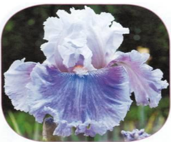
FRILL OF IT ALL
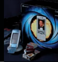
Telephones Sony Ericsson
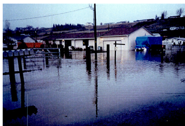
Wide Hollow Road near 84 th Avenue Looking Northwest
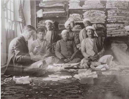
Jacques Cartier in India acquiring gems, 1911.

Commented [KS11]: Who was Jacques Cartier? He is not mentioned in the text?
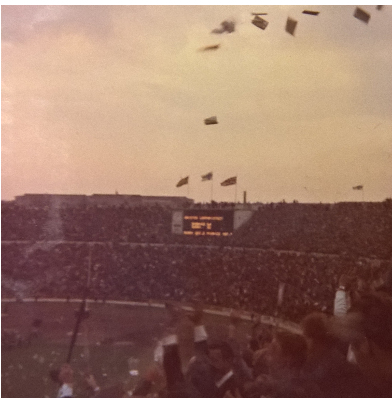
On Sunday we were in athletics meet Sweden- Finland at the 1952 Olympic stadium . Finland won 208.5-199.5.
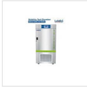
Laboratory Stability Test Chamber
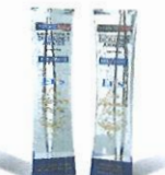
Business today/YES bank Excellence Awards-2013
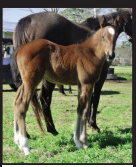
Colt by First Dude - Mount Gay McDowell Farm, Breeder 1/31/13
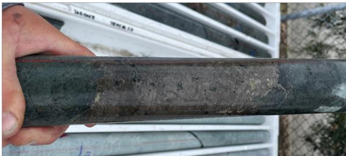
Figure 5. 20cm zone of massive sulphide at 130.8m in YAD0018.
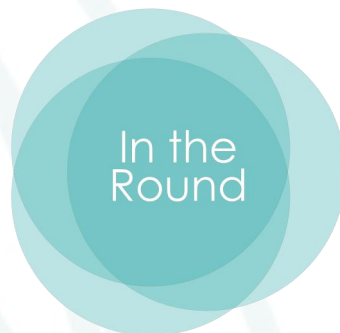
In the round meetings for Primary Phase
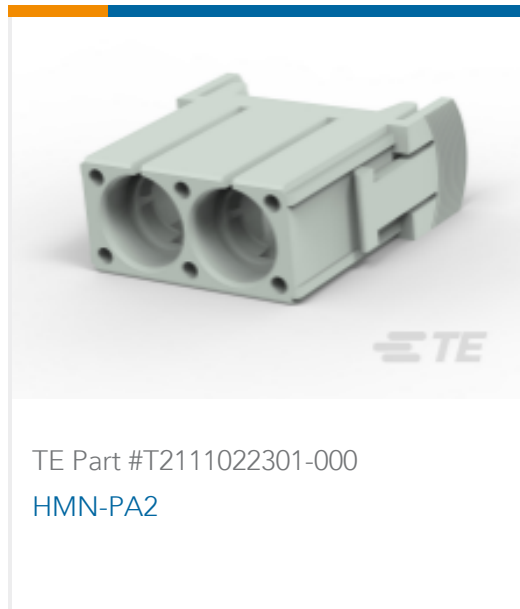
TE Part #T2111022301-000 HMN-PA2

------

* REQUIREMENT:
With images omitted, retype the data word for word.

* EXPECTED ANSWER:
FRILL OF IT ALL
Telephones Sony Ericsson
Wide Hollow Road near 84 th Avenue Looking Northwest
Jacques Cartier in India acquiring gems, 1911.

Commented [KS11]: Who was Jacques Cartier? He is not mentioned in the text?
On Sunday we were in athletics meet Sweden- Finland at the 1952 Olympic stadium . Finland won 208.5-199.5.
Laboratory Stability Test Chamber
Business today/YES bank Excellence Awards-2013
Colt by First Dude - Mount Gay McDowell Farm, Breeder 1/31/13
Figure 5. 20cm zone of massive sulphide at 130.8m in YAD0018.
In the round meetings for Primary Phase
TE Part #T2111022301-000 HMN-PA2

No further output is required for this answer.